Protecteur, le garçon se doit aussi d’être conquérant, comme le montre Anne Fine. En effet Bill, malgré son
apparence de fille, reste en lui un petit garçon, et lorsque les filles complotent afin de laisser le maladif Paul
gagner à la course, lui n’arrive pas à se résoudre à perdre : car si la résignation est le lot des filles, elle n’est
guère celui des garçons, conçus pour gagner.
Mais attention ! Au royaume du mâle, on ne gagne pas n’importe comment : il faut se battre, battre l’autre,
démontrer sa force physique. Sinon, le verdict tombe : de « poule mouillée » à « femmelette », les qualificatifs
ne manquent pas pour souligner l’opprobre que jette sur le genre masculin tout entier celui qui ne se plie pas
aux traditionnels impératifs de virilité.
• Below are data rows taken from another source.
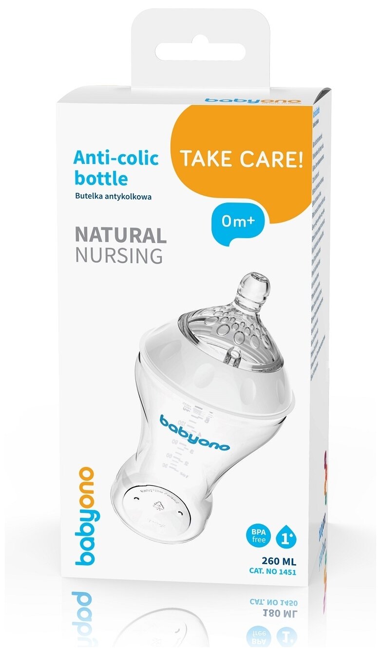 BabyOno Бутылочка Natural nursing антиколиковая 260 мл, с рождения, бесцветный
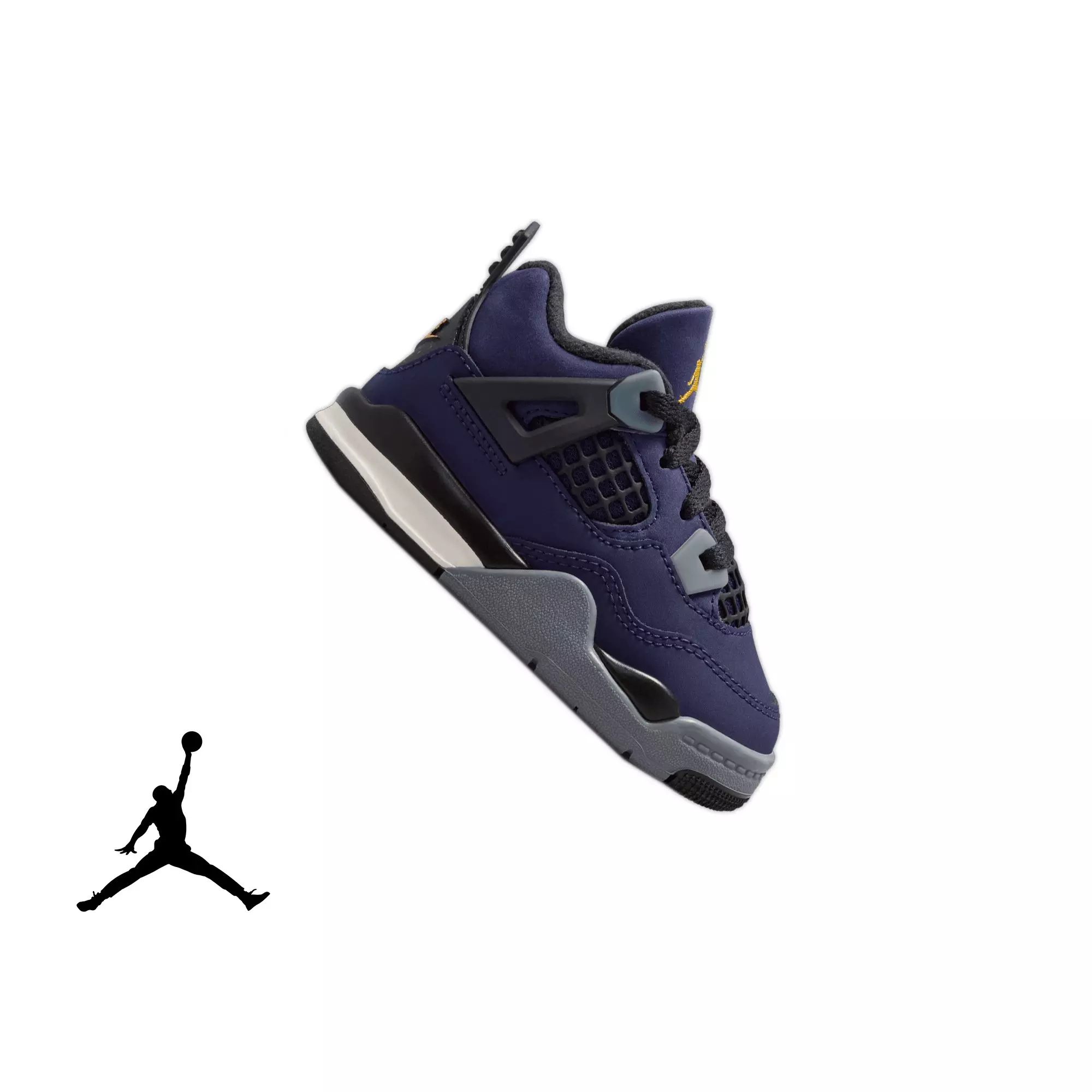 This Jordan 4 Retro "Imperial Purple" Toddler Kids' Shoe pays homage to those moments in quintessential Jordan colors. The deep Imperial Purple upper is rendered in premium nubuck, with hits of University Gold tying the look together.Features
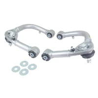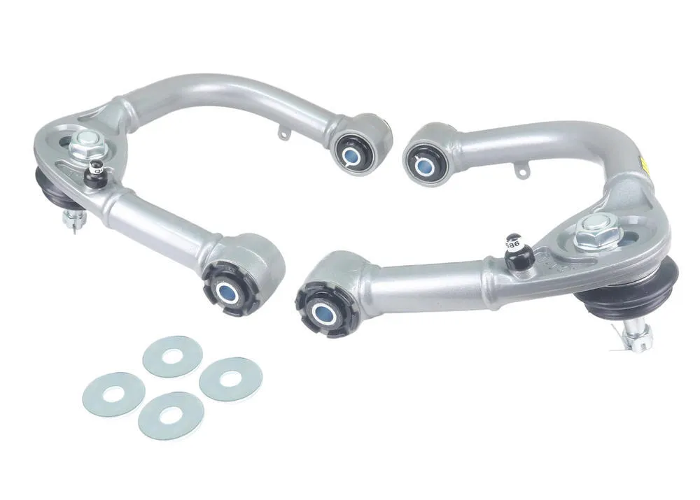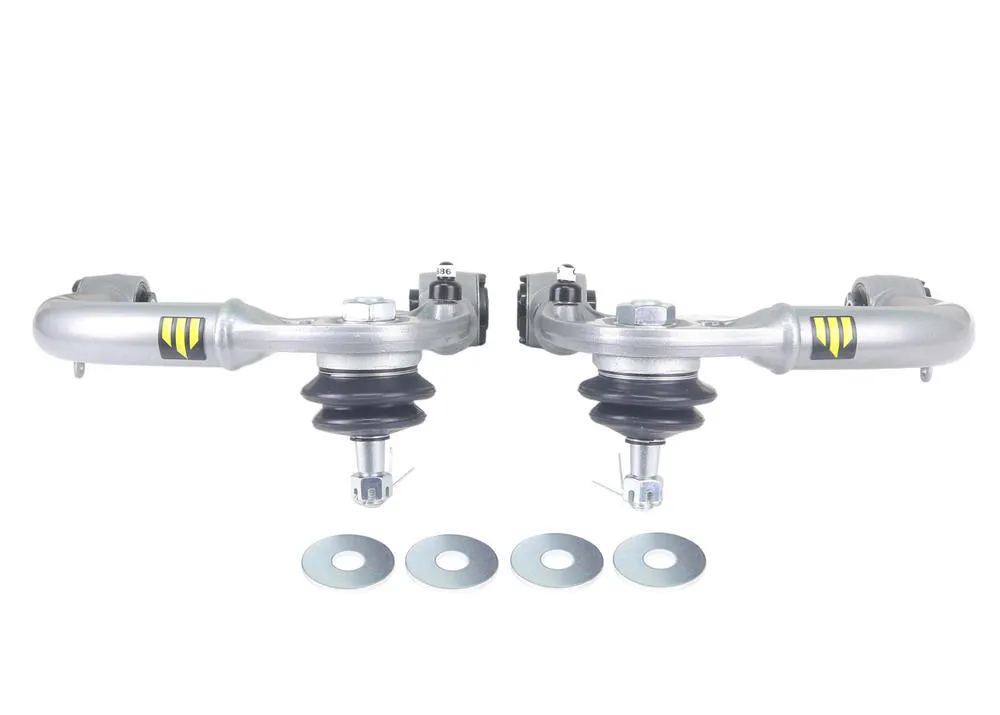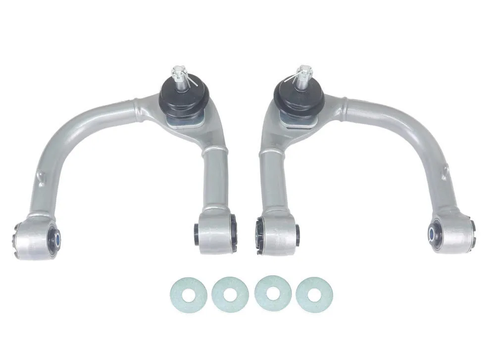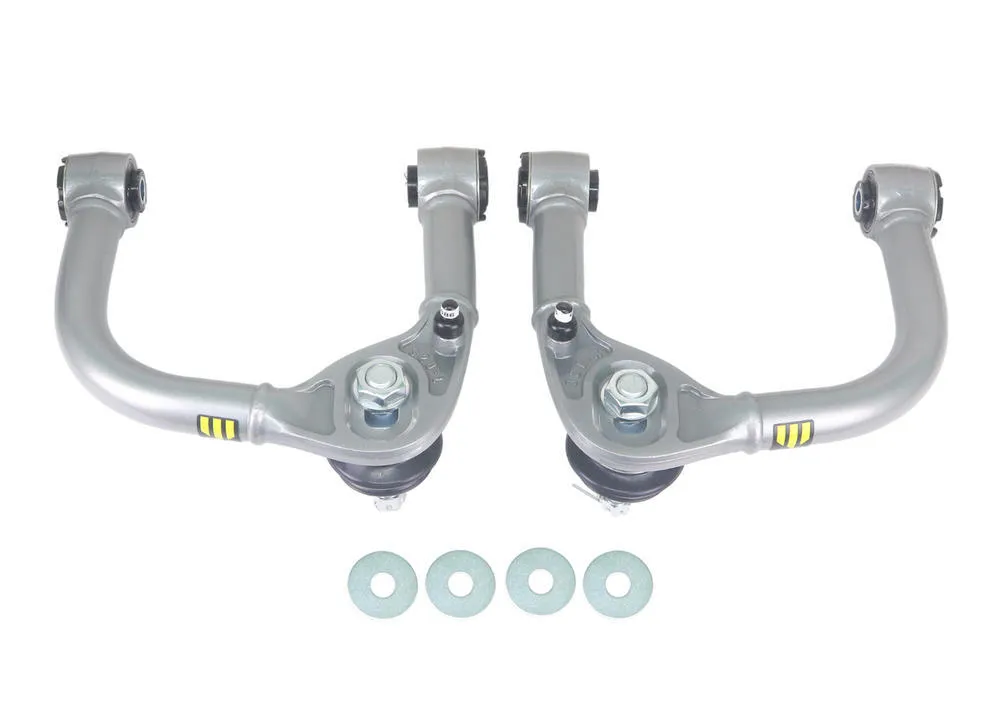 A short fall of the modern day IFS 4wd is the adjustment range provided for successful wheel alignments, this becomes even more of an issue when the vehicle is lifted by more than 1 inch. Not only does the vehicle run into camber and caster issues, but ball joint articulation and clearance issues to the coil over strut at ride and droop height. The new Whiteline adjustable UCA (Upper Control Arm) is an all-in-one solution for any vehicle that has been lifted between 30mm and 70mm. Providing an increase between +0.5 to +3.5 degrees of caster and -1.5 to +1.5 degrees of camber increase (figures quoted are based off an approximate 50mm/ 2 inch) along with greater clearance to the coil over strut and more articulation of the arm by virtue of new maintenance free GIIRO bushing technology.
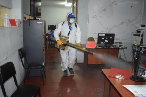 Tomando las medidas preventivas frente al Covid-19, la comuna basadrina viene realizando diversas acciones buscando frenar este mal en su población, por ello se procedió con la desinfección de ambientes municipales, a cargo del personal de la sub gerencia de servicios públicos y gestión ambiental. Como ya es de conocimiento, se ha restringido la atención presencial al público desde el 01 al 14 de febrero, por lo que estos trabajos se vienen realizando en horarios que no afecten el desarrollo de las funciones laborales.
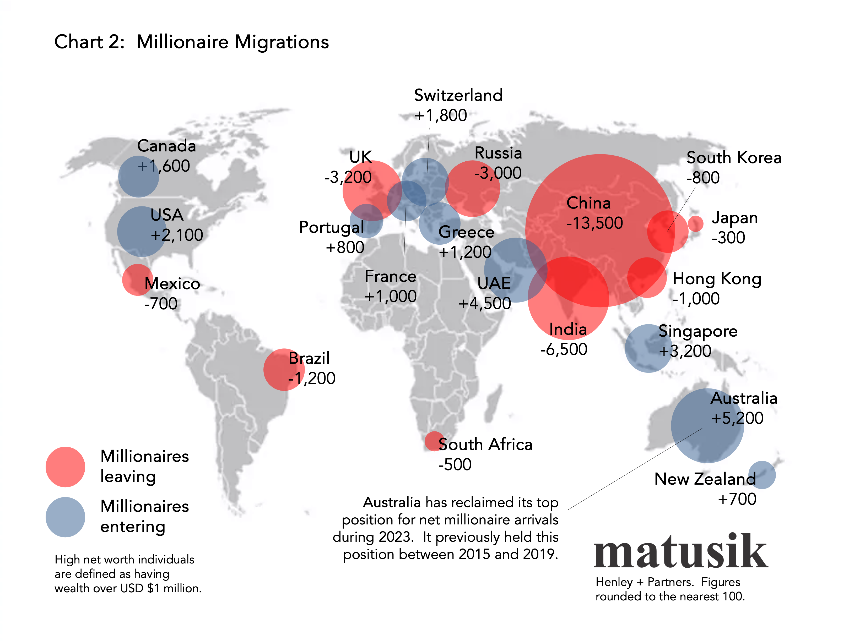 Last year, Australia reclaimed its position top position for net millionaire arrivals, with some 5,200 individual entries. The next highest was the United Arab Emirates with 4,500 such entrants.
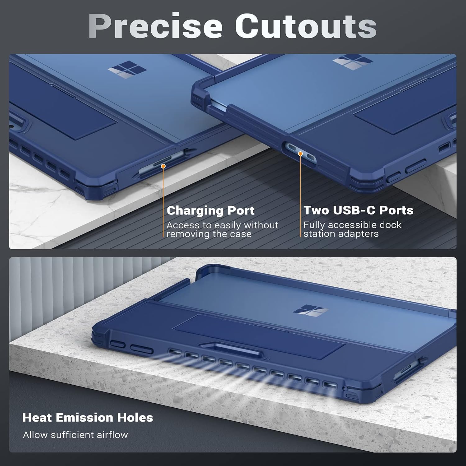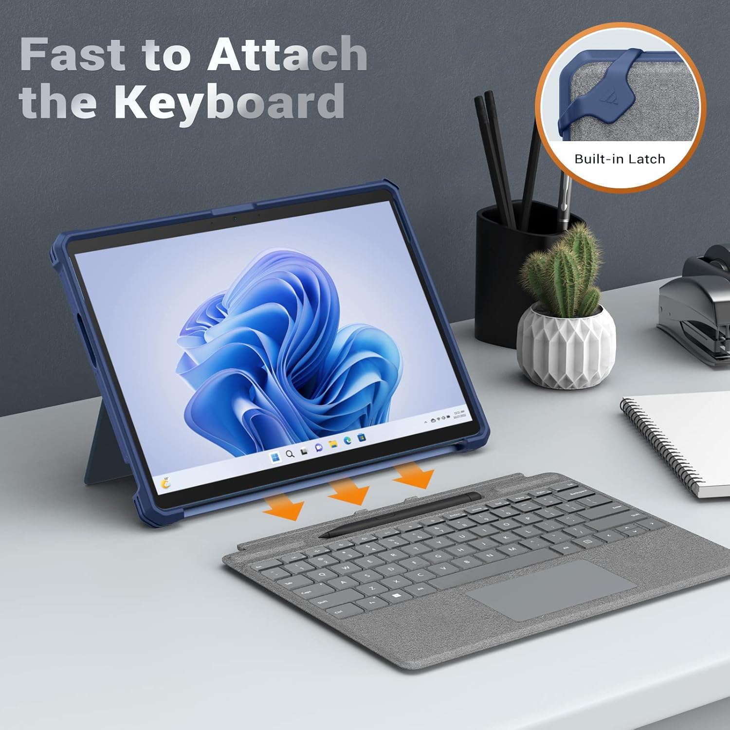COMFORTABLE WORKING EXPERIENCE: With channel for directly connecting to Microsoft Surface Pro 11, Pro 10, Pro 9 type cover keyboard for an instant so that the user can use it without removing the case. The reserved back cutout allows the user to adjust Microsoft Surface Pro 11, Pro 10, Pro 9 tablet kickstand freely to find the best viewing angle, writing angle or typing angle.
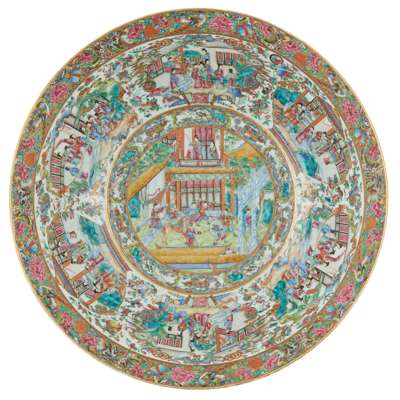 MASSIVE CANTON FAMILLE ROSE PUNCH BOWL
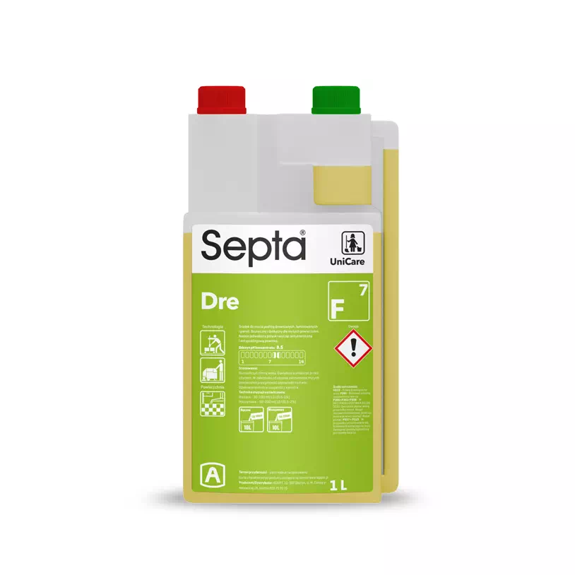 Septa DRE to płyn do podłóg drewnianych, laminowanych i paneli. Skuteczny i delikatny dla mytych powierzchni. Nadaje jedwabisty połysk tworząc antystatyczną i antypoślizgową powłokę.
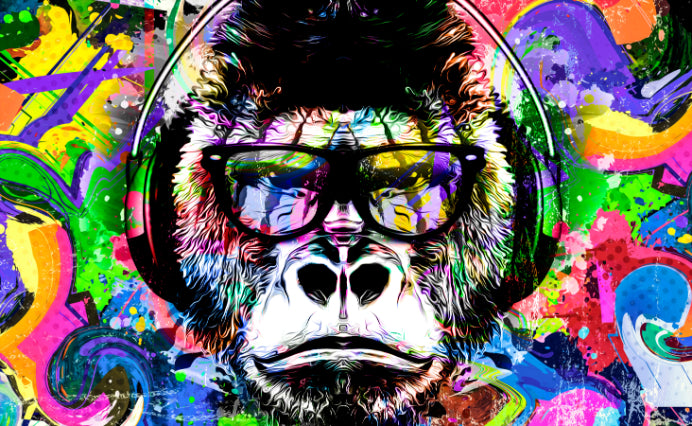 Vibrant colorful monkey graffiti wallpaper mural for walls.
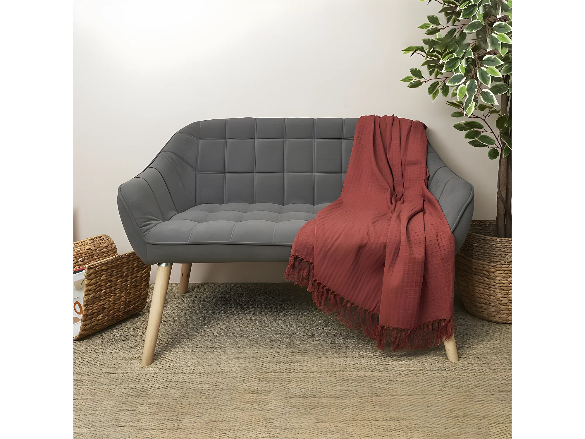 Jeté de Canapé "Gaufré" 130x160cm Terracotta
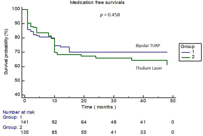 Eighty-six patients of the TURP group and 88 of the ThuLEP group completed this tracking program for at least 6 months, as shown in figure 1. Both groups achieved favorable surgical outcomes in terms of Qmax, IPSS score, and QoL score at post-op 2 weeks, 3 months, and 6 months, as presented in Table 4. However, the ThuLEP group showed superior outcomes to the TURP group at post-op 2 weeks regarding the changes in the IPSS voiding score (−12.4 ± 3.7vs.−10.8 ± 4.4, p=0.003) as well as changes in the QoL score (−3.1 ± 0.8vs.−2.8 ± 0.9, p=0.006). The outcomes in the ThuLEP group remained superior to those of the TURP group regarding changes in the QoL score (−3.4 ± 0.9vs.−3.1 ± 0.9, p=0.045) at 3 months post-op. Nevertheless, during follow-up at 6 months after surgery, all the indicators of the two groups were statistically identical, suggesting that the efficacy of the two techniques was identical at 6 months post-op. Given that the optimal results of surgical treatment for BPH/BPO are completely independent from urological medication, the medication-free survival rates were evaluated between the two groups, as illustrated in Figure 3. Kaplan–Meier curves revealed that approximately70% of patients in our study did not need any urological medication (including α-blockers, antimuscarinics, β3 agonists, bethanechol, and DDAVP) within 2 years post-op. The medication-free survival rates of both groups were also statistically identical (p=0.458).A total of eight patients (6 in the TURP groups and 2 in the ThuLEP group) in our study developed bladder neck contracture before the end of follow-up, with a mean time-to-contracture of 6.7 months.
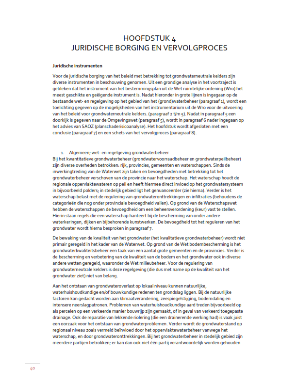 De regeling in het omgevingsplan dient ter vervanging van het bestemmingsplan Grondwaterneutrale Kelders en bestemmingsplannen van later datum waarin een soortgelijke regeling is opgenomen. Er is geen sprake van inhoudelijke aanpassing. De vorm is wel iets anders. Daar waar in de onder oud recht vastgestelde bestemmingsplannen werd voorzien in een verbod met afwijkmogelijkheid, wordt in subparagraaf 4.2.4.8 voorzien in een beoordelingsregel die van toepassing is op aanvragen om een vergunning voor een omgevingsplanactiviteit bouwwerken. De beoordelingsregel houdt kort gezegd in dat die vergunning alleen kan worden verleend als de activiteit niet leidt tot onaanvaardbare grondwatereffecten op de omgeving. De inhoudelijke beoordeling blijft plaatsvinden aan de hand van de in deze beleidsregel opgenomen regels.
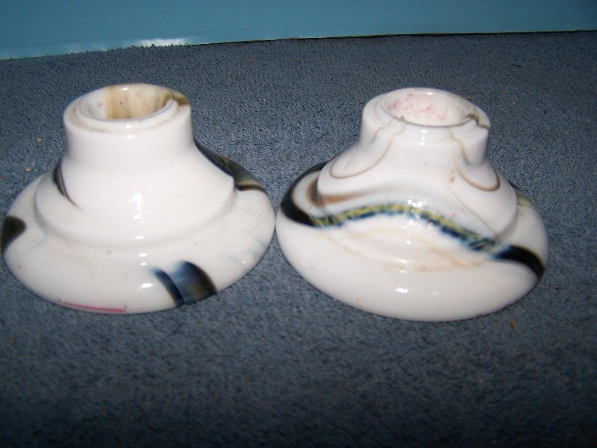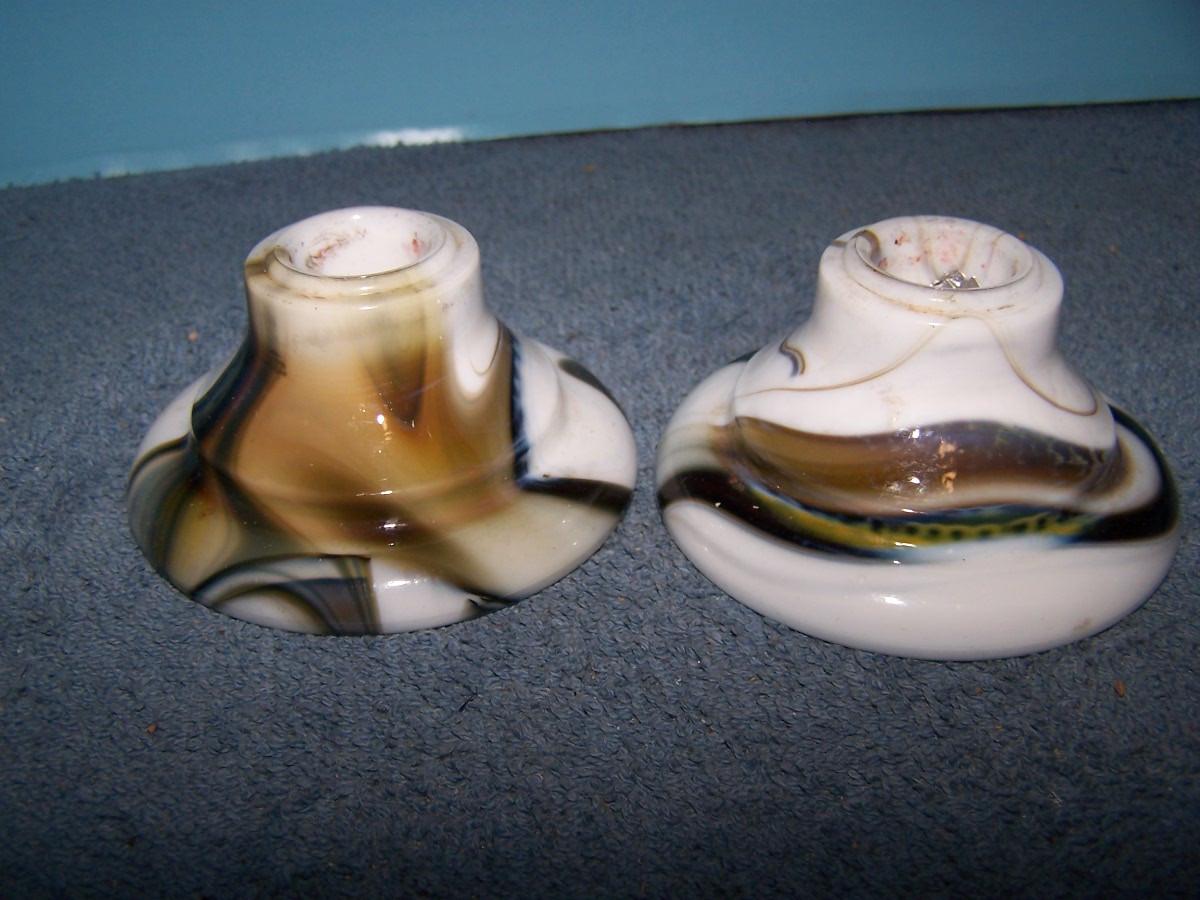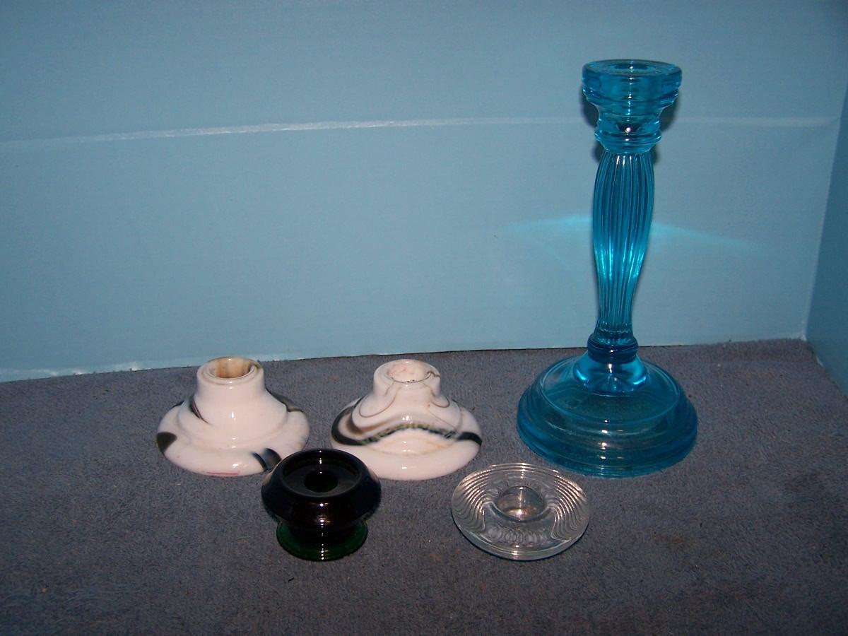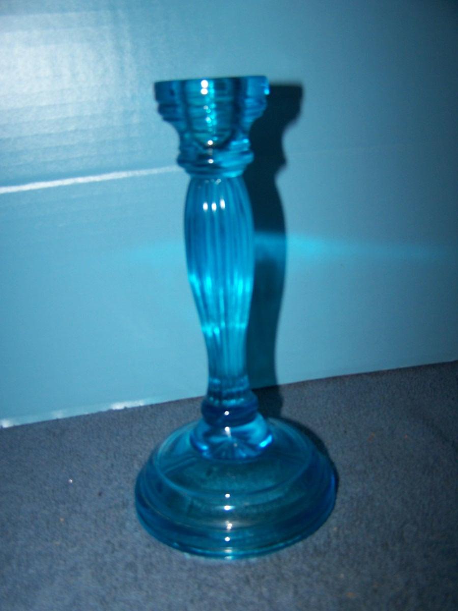 THESE ARE UNIQUE VINTAGE MCM GLASS CANDLESTICKS!!! UNMARKED.. TEAL IS 8 1/4'' TALL... LIGHT WEAR, SOME WAX RESIDUE...

C’est parce que la danse représente des valeurs dites féminines telles que
la grâce, la légèreté et l’expression des sentiments – surtout – que le père de Billy et son frère Tony refusent sa
passion : un garçon fait de la boxe, sport de combat, valeur on ne peut plus masculine (Billy Elliot).
De façon générale, c’est la prohibition des sentiments qui caractérise l’éducation des garçons.
Quand Sidonie (Garçon manqué), Yasmina et Malika (Pas de pitié pour les poupées b.) peuvent pleurer des
larmes de dépit, Frédéric regrette amèrement : « ça ne se fait pas quand on est un garçon. Ou alors seulement le
soir, dans son oreiller, mais pas au milieu de la cour de récréation » (Frédéric ou cent façons d’être un
garçon). On remarquera le ton très dogmatique de l’énonciation, notamment à travers l’emploi du pronom
personnel « on » et de la formule « ça ne se fait pas ».